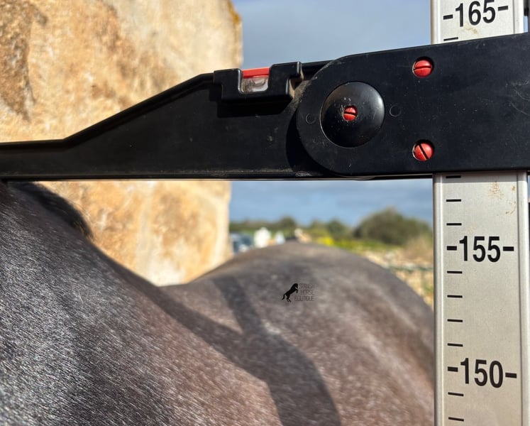 Dieser 2021 geborene, reinrassige PRE Hengst (Andalusier mit Rassenachweis der ANCCE), kommt von einem sehr pferdefreundlichen Züchter. Bis 3.5 Jahre durfte der Bursche komplett roh in der Hengstherde aufwachsen und einfach Pferd sein und seine Sozialkontakte bestens pflegen. Nun lebt er in einer großen Paddockbox und als Nachbarn hat er seine Kumpels, mit denen er großwerden durfte. Diese Aufzucht und Haltung macht sich bezahlt, denn er ist absolut tiefenentspannt, dem Menschen gegenüber sehr achtsam und selbst wenn ihm beim Putzen ein Pony am Schweif herumzupft, weil der Paddock neben dem Putzplatz ist, wackelt er nicht einmal mit den Ohren. Er ist ein ganz ruhiger und in sich ruhender Bub, was auch in der Ausbildung berücksichtigt wird. So wird weder mit Hast noch Unruhe gearbeitet, sondern ihm wird Zeit gegeben und er ist zwar im Ausbildungsstand eher mit einem 4jährigen zu Vergleichen, aber das ist nur ein Vorteil, wenn man weiß und merkt, es wird schonend gearbeitet (aktuell 3x pro Woche). Es werden immer wieder Ruhephasen am langen Zügel gemacht und er lernt immer besser sich zu strecken, was schön zu sehen ist. Trotz steiniger Böden geht er auch im Gelände problemlos barhuf und hin und wieder den Reitplatz gegen einen schönen Ausritt zu tauschen, das mag er auch gerne. Schon als Fohlen war er sehr barock und sein Exterieur ist vom "alten Schlag". Dafür steht auch seine Abstammung, denn er ist MONIS, SA SINIA, CAMPO BAJO und YEGUADA MILITAR gezogen (Cartujano). Mit aktuell 157cm ist seine Größe auch harmonisch zum Exterieur und er ist kompakt, dabei aber wendig, was ihn auch für die Working Equitation oder Westernreiten interessant macht. Unterm Reiter ist er mit der Aufmerksamkeit immer beim Menschen und sehr bemüht. Er hält auch schon relativ gut den Kontakt, aber altersbedingt braucht er noch etwas mehr Gleichgewicht und Schub von hinten (wie gesagt, er wird nicht gehetzt in der Ausbildung sondern langsam aufgebaut). Er wird auf Wassertrense geritten und laterale Arbeiten sind angefangen- ansonsten hat er eine stabile Basisausbildung. Auch im Umgang ist er ein Gentleman, sei es beim Hufe geben oder satteln (Videos vorhanden). An der Hand lernt er den spanischen Schritt und hat beim Standbild gezeigt, wie gut er den kann und wie schön seine Schulterfreiheit ist ;) Für all jene, denen keinen Hengsthaltung möglich ist, besteht selbstverständlich die Option der Kastration vor Ort. Sein zu erwartendes Endmaß wird um die 160cm, jedoch durch sein barockes Erscheinungsbild wirkt er größer und deckt sehr gut ab. Sein Standort ist Menorca. Videos und Abstammung gerne auf Anfrage. Gerne organisiere ich vor Ort eine AKU, Beritt, Kastration, Transport oder auch ihre Reise, sollten Sie persönlich zum Anschauen kommen. Details dazu gerne auf meiner Seite oder im Gespräch. Saludos aus Spanien
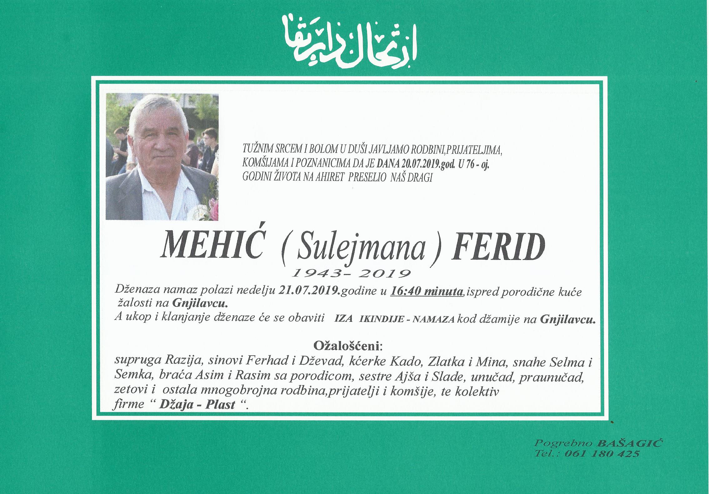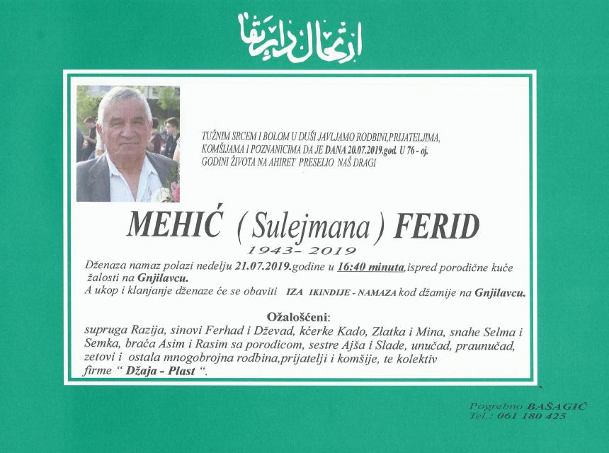 Tužnim srcem i bolom u duši javljamo rodbini, prijateljima, komšijama i poznanicima da je dana 20.07.2019. god. u 76-oj. godini života na Ahiret preselio naš dragi Mehić (Sulejmana) Ferid.
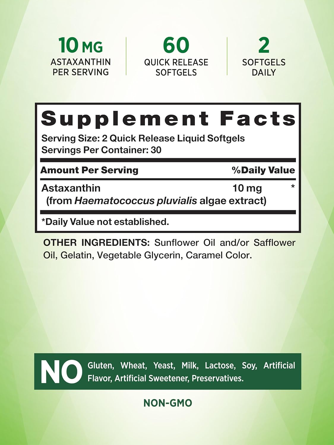 What Is Astaxanthin Astaxanthin Is An Algae-Derived Antioxidant. This Type Of Microalgae Is Responsible For The Reddish Color In Many Aquatic Organisms, Such As Salmon, Shrimp, And Lobster. While You Can Obtain Astaxanthin From Seafood Sources, The Amount Varies From Species To Species. NatureāS Truth Astaxanthin Softgels Each Serving Of Our Astaxanthin Softgels Delivers 10 Mg Of Astaxanthin Derived From The Extract Of The Algae Haematococcus Pluvialis. This Extra Strength Formula Is A Wonderful Way To Include A Naturally Occurring Antioxidant In Your Daily Routine. NatureāS Truth: Where Wellness Begins Our Mission At NatureāS Truth Is To Meet Your Wellness Needs With Products That Go Above And Beyond. NatureāS Truth Provides Supplements In Various Delivery Forms, Such As Capsules, Softgels, Chewables, Tablets, Powders, Liquids, And Gummies To Suit Every Preference. Our Astaxanthin Is Non-Gmo And Free Of Gluten, Wheat, Yeast, Milk, Lactose, Soy, Artificial Flavor, Artificial Sweetener, And Preservatives
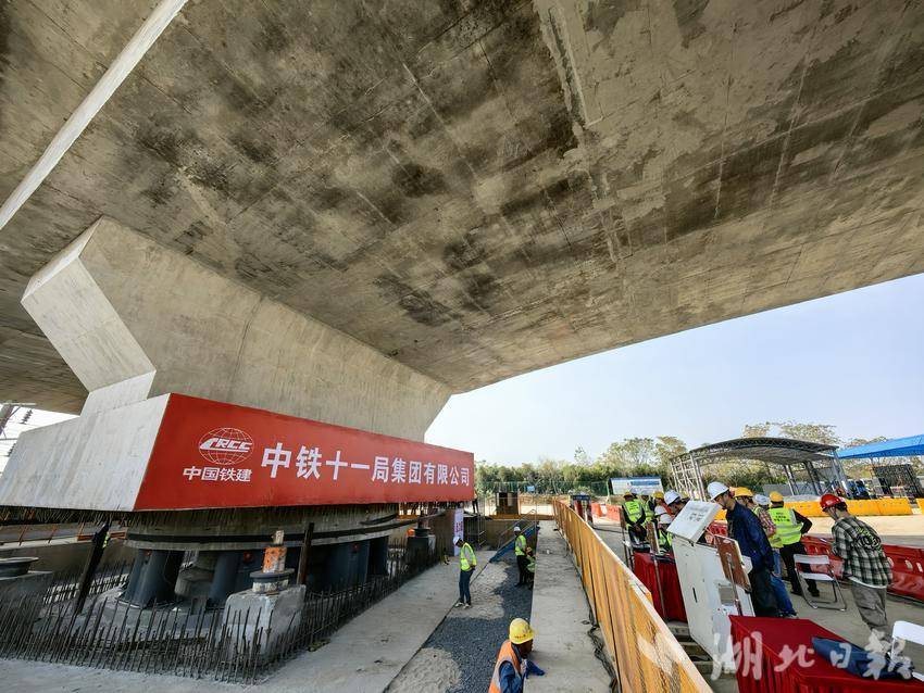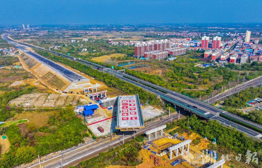 11月12日,中铁十一局集团承建的京港澳高速公路改扩建工程上跨京广铁路立交桥,经过60分钟逆时针旋转84度后,成功跨越京广铁路,这是京港澳改扩建工程湖北北段首座跨铁转体桥。
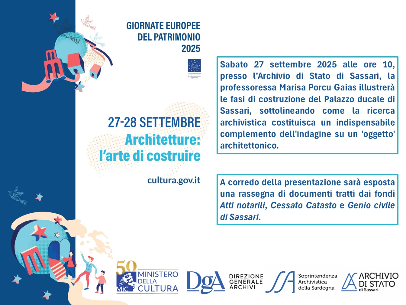 In occasione delle Giornate Europee del Patrimonio 2025, sabato 27 settembre 2025 alle ore 10, presso l’Archivio di Stato di Sassari, la professoressa Marisa Porcu Gaias illustrerà le fasi di costruzione del Palazzo ducale di Sassari, sottolineando come la ricerca archivistica costituisca un indispensabile complemento dell'indagine su un 'oggetto' architettonico. A corredo della presentazione sarà esposta una rassegna di documenti tratti dai fondi Atti notarili, Cessato Catasto e Genio civile di Sassari. © 2021 MiC - Pubblicato il 2025-09-10 12:09:54 / Ultimo aggiornamento 2025-09-12 08:49:19
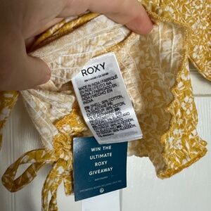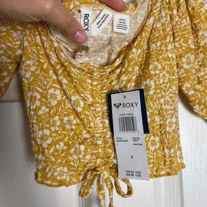 NWT Roxy Flirty Walk Ochre Woodblock Ditsy Cropped Puff Sleeve Top Women Size S
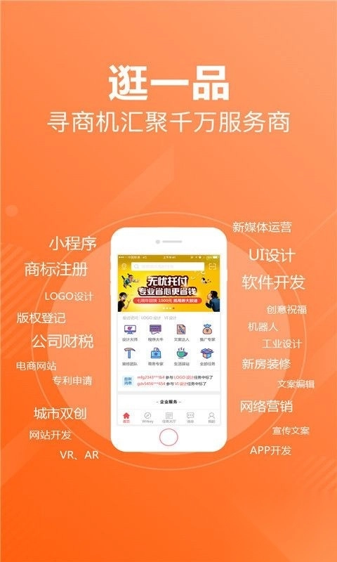 一品接单APP,是一款专门面向自由职业者与企业的在线任务对接平台。平台凭借严谨的订单审核机制,保障每一笔交易真实可信,切实维护合作双方的权益。截至目前,该平台已吸引了超800万家企业以及2000余万自由职业者入驻,所提供的创意服务丰富多元,包含LOGO设计、VI系统设计、品牌全案策划、商业海报制作、产品包装设计、移动应用开发、网站建设、小程序定制、游戏开发、整合营销等多个领域。
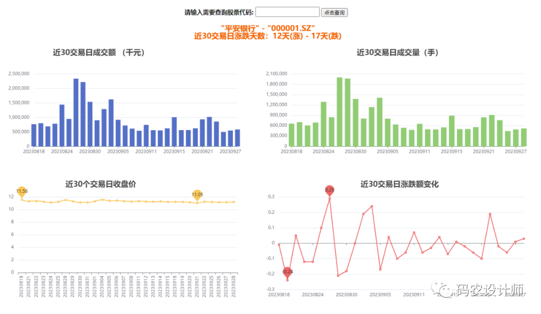 本次使用EChartsFlaskTushare等内容制作一款简单的股票信息可视化展示网页。可视化效果如下所示,默认显示000001.SZ(平安银行)的股票信息,在页面上方输入框中输入的要查询的股票代码,图表内容会进行相应改变
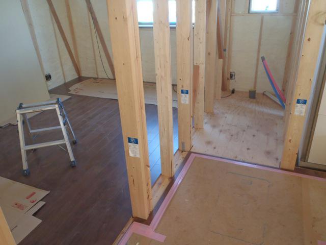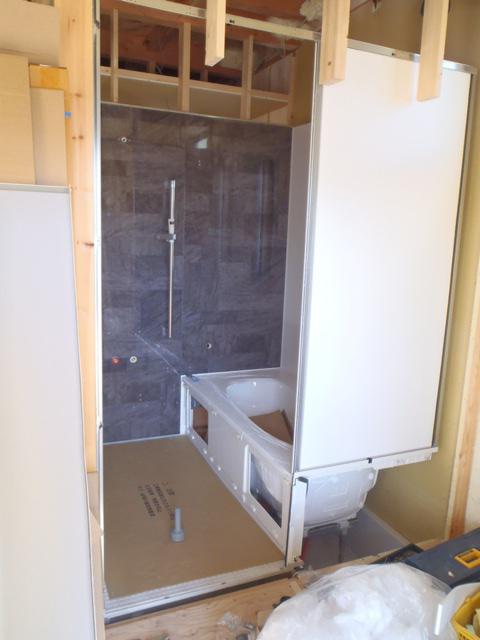 ・木工事、和室床下地組み、床フローリング貼りを終え、窓枠取付に 取り掛かりました。 ・窓枠を取付した壁よりプラスターボード及び下地合板貼りへと 入ります。 2日、ユニットバス据付完了しました。
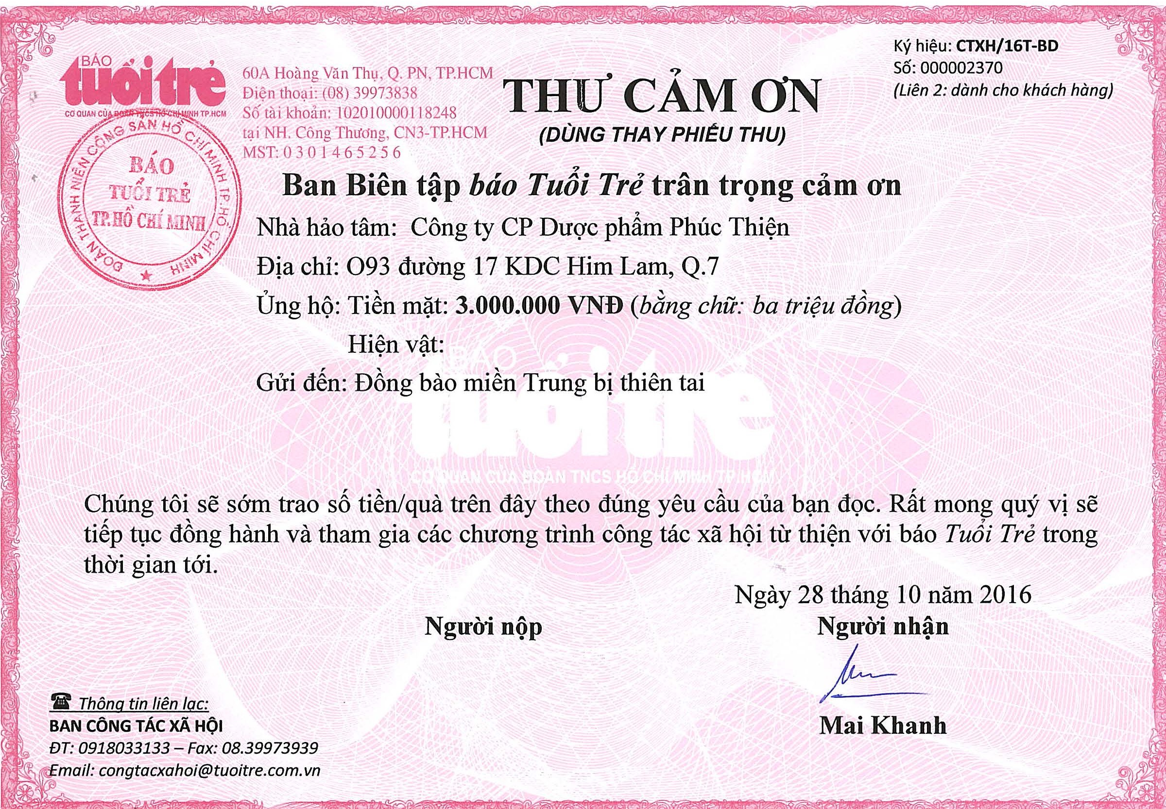 Thư cảm ơn (Báo Tuổi Trẻ) – Hỗ trợ miền Trung bị thiên tai
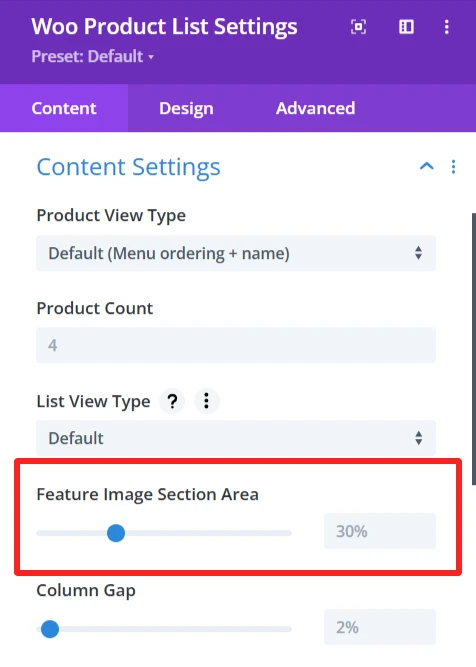 Default settings: 30% – This is a percentage to decide how much space the feature image will occupy in the product list.
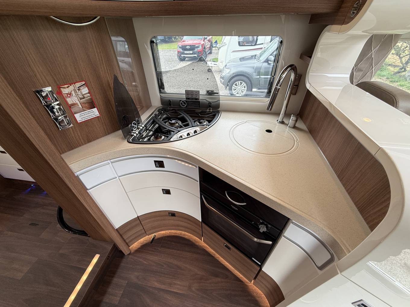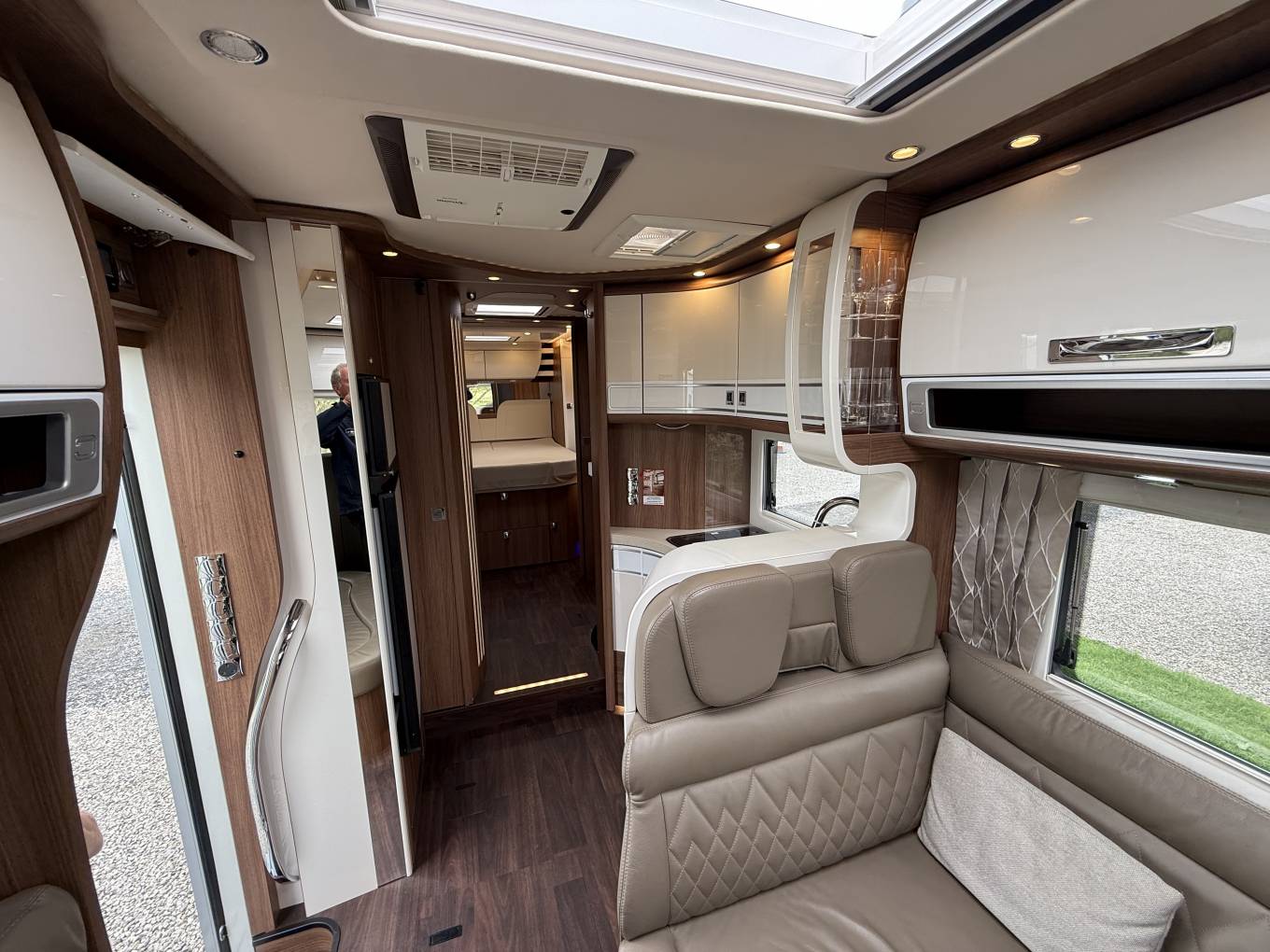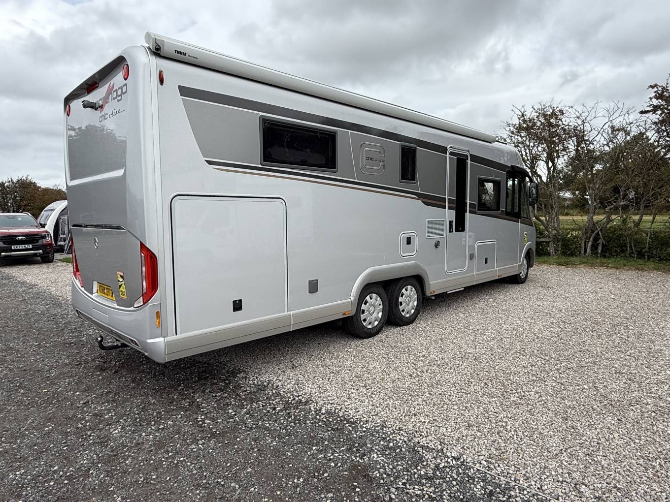 Carthago Chic E Line 64 XL QB MB, High Quallity, Luxury Motorhome in Immaculate Condition. This motorhome is built on the Mercedes chassis with automatic gearbox and 170bhp engine with full service and Habitation history. It is built to the hightest standards with a beautifully designed interior and has many additional useful features. At the rear is the bedroom with island bed and under this is a large garage. Next to this is the bathroom with separate shower compartment. In the centre there is a well equipped kitchen and at the front there is a spacious lounge with plenty of seating options. It comes with Cab and Habitation Air Con, Cruise Control, Rear Camera, DAB Radio, 2 x TVs, Satellite System, 2 x Solar Panels, 2 x Lithium Batteries, Auto Self Leveling, Gas Low System, Tracking, Inverter, Wi Fi, Outside Shower and BBQ Point. A truly stunning luxury motorhome available for viewing by appointment. Call for more photos, videos and full spec sheet.

* [Required action]: The entries above, every one of them, should be retyped exactly, with no pictures carried over.

* [Written response]:
 Dieser 2021 geborene, reinrassige PRE Hengst (Andalusier mit Rassenachweis der ANCCE), kommt von einem sehr pferdefreundlichen Züchter. Bis 3.5 Jahre durfte der Bursche komplett roh in der Hengstherde aufwachsen und einfach Pferd sein und seine Sozialkontakte bestens pflegen. Nun lebt er in einer großen Paddockbox und als Nachbarn hat er seine Kumpels, mit denen er großwerden durfte. Diese Aufzucht und Haltung macht sich bezahlt, denn er ist absolut tiefenentspannt, dem Menschen gegenüber sehr achtsam und selbst wenn ihm beim Putzen ein Pony am Schweif herumzupft, weil der Paddock neben dem Putzplatz ist, wackelt er nicht einmal mit den Ohren. Er ist ein ganz ruhiger und in sich ruhender Bub, was auch in der Ausbildung berücksichtigt wird. So wird weder mit Hast noch Unruhe gearbeitet, sondern ihm wird Zeit gegeben und er ist zwar im Ausbildungsstand eher mit einem 4jährigen zu Vergleichen, aber das ist nur ein Vorteil, wenn man weiß und merkt, es wird schonend gearbeitet (aktuell 3x pro Woche). Es werden immer wieder Ruhephasen am langen Zügel gemacht und er lernt immer besser sich zu strecken, was schön zu sehen ist. Trotz steiniger Böden geht er auch im Gelände problemlos barhuf und hin und wieder den Reitplatz gegen einen schönen Ausritt zu tauschen, das mag er auch gerne. Schon als Fohlen war er sehr barock und sein Exterieur ist vom "alten Schlag". Dafür steht auch seine Abstammung, denn er ist MONIS, SA SINIA, CAMPO BAJO und YEGUADA MILITAR gezogen (Cartujano). Mit aktuell 157cm ist seine Größe auch harmonisch zum Exterieur und er ist kompakt, dabei aber wendig, was ihn auch für die Working Equitation oder Westernreiten interessant macht. Unterm Reiter ist er mit der Aufmerksamkeit immer beim Menschen und sehr bemüht. Er hält auch schon relativ gut den Kontakt, aber altersbedingt braucht er noch etwas mehr Gleichgewicht und Schub von hinten (wie gesagt, er wird nicht gehetzt in der Ausbildung sondern langsam aufgebaut). Er wird auf Wassertrense geritten und laterale Arbeiten sind angefangen- ansonsten hat er eine stabile Basisausbildung. Auch im Umgang ist er ein Gentleman, sei es beim Hufe geben oder satteln (Videos vorhanden). An der Hand lernt er den spanischen Schritt und hat beim Standbild gezeigt, wie gut er den kann und wie schön seine Schulterfreiheit ist ;) Für all jene, denen keinen Hengsthaltung möglich ist, besteht selbstverständlich die Option der Kastration vor Ort. Sein zu erwartendes Endmaß wird um die 160cm, jedoch durch sein barockes Erscheinungsbild wirkt er größer und deckt sehr gut ab. Sein Standort ist Menorca. Videos und Abstammung gerne auf Anfrage. Gerne organisiere ich vor Ort eine AKU, Beritt, Kastration, Transport oder auch ihre Reise, sollten Sie persönlich zum Anschauen kommen. Details dazu gerne auf meiner Seite oder im Gespräch. Saludos aus Spanien
 Tužnim srcem i bolom u duši javljamo rodbini, prijateljima, komšijama i poznanicima da je dana 20.07.2019. god. u 76-oj. godini života na Ahiret preselio naš dragi Mehić (Sulejmana) Ferid.
 What Is Astaxanthin Astaxanthin Is An Algae-Derived Antioxidant. This Type Of Microalgae Is Responsible For The Reddish Color In Many Aquatic Organisms, Such As Salmon, Shrimp, And Lobster. While You Can Obtain Astaxanthin From Seafood Sources, The Amount Varies From Species To Species. NatureāS Truth Astaxanthin Softgels Each Serving Of Our Astaxanthin Softgels Delivers 10 Mg Of Astaxanthin Derived From The Extract Of The Algae Haematococcus Pluvialis. This Extra Strength Formula Is A Wonderful Way To Include A Naturally Occurring Antioxidant In Your Daily Routine. NatureāS Truth: Where Wellness Begins Our Mission At NatureāS Truth Is To Meet Your Wellness Needs With Products That Go Above And Beyond. NatureāS Truth Provides Supplements In Various Delivery Forms, Such As Capsules, Softgels, Chewables, Tablets, Powders, Liquids, And Gummies To Suit Every Preference. Our Astaxanthin Is Non-Gmo And Free Of Gluten, Wheat, Yeast, Milk, Lactose, Soy, Artificial Flavor, Artificial Sweetener, And Preservatives
 11月12日,中铁十一局集团承建的京港澳高速公路改扩建工程上跨京广铁路立交桥,经过60分钟逆时针旋转84度后,成功跨越京广铁路,这是京港澳改扩建工程湖北北段首座跨铁转体桥。
 In occasione delle Giornate Europee del Patrimonio 2025, sabato 27 settembre 2025 alle ore 10, presso l’Archivio di Stato di Sassari, la professoressa Marisa Porcu Gaias illustrerà le fasi di costruzione del Palazzo ducale di Sassari, sottolineando come la ricerca archivistica costituisca un indispensabile complemento dell'indagine su un 'oggetto' architettonico. A corredo della presentazione sarà esposta una rassegna di documenti tratti dai fondi Atti notarili, Cessato Catasto e Genio civile di Sassari. © 2021 MiC - Pubblicato il 2025-09-10 12:09:54 / Ultimo aggiornamento 2025-09-12 08:49:19
 NWT Roxy Flirty Walk Ochre Woodblock Ditsy Cropped Puff Sleeve Top Women Size S
 一品接单APP,是一款专门面向自由职业者与企业的在线任务对接平台。平台凭借严谨的订单审核机制,保障每一笔交易真实可信,切实维护合作双方的权益。截至目前,该平台已吸引了超800万家企业以及2000余万自由职业者入驻,所提供的创意服务丰富多元,包含LOGO设计、VI系统设计、品牌全案策划、商业海报制作、产品包装设计、移动应用开发、网站建设、小程序定制、游戏开发、整合营销等多个领域。
 本次使用EChartsFlaskTushare等内容制作一款简单的股票信息可视化展示网页。可视化效果如下所示,默认显示000001.SZ(平安银行)的股票信息,在页面上方输入框中输入的要查询的股票代码,图表内容会进行相应改变
 ・木工事、和室床下地組み、床フローリング貼りを終え、窓枠取付に 取り掛かりました。 ・窓枠を取付した壁よりプラスターボード及び下地合板貼りへと 入ります。 2日、ユニットバス据付完了しました。
 Thư cảm ơn (Báo Tuổi Trẻ) – Hỗ trợ miền Trung bị thiên tai
 Default settings: 30% – This is a percentage to decide how much space the feature image will occupy in the product list.
 Carthago Chic E Line 64 XL QB MB, High Quallity, Luxury Motorhome in Immaculate Condition. This motorhome is built on the Mercedes chassis with automatic gearbox and 170bhp engine with full service and Habitation history. It is built to the hightest standards with a beautifully designed interior and has many additional useful features. At the rear is the bedroom with island bed and under this is a large garage. Next to this is the bathroom with separate shower compartment. In the centre there is a well equipped kitchen and at the front there is a spacious lounge with plenty of seating options. It comes with Cab and Habitation Air Con, Cruise Control, Rear Camera, DAB Radio, 2 x TVs, Satellite System, 2 x Solar Panels, 2 x Lithium Batteries, Auto Self Leveling, Gas Low System, Tracking, Inverter, Wi Fi, Outside Shower and BBQ Point. A truly stunning luxury motorhome available for viewing by appointment. Call for more photos, videos and full spec sheet.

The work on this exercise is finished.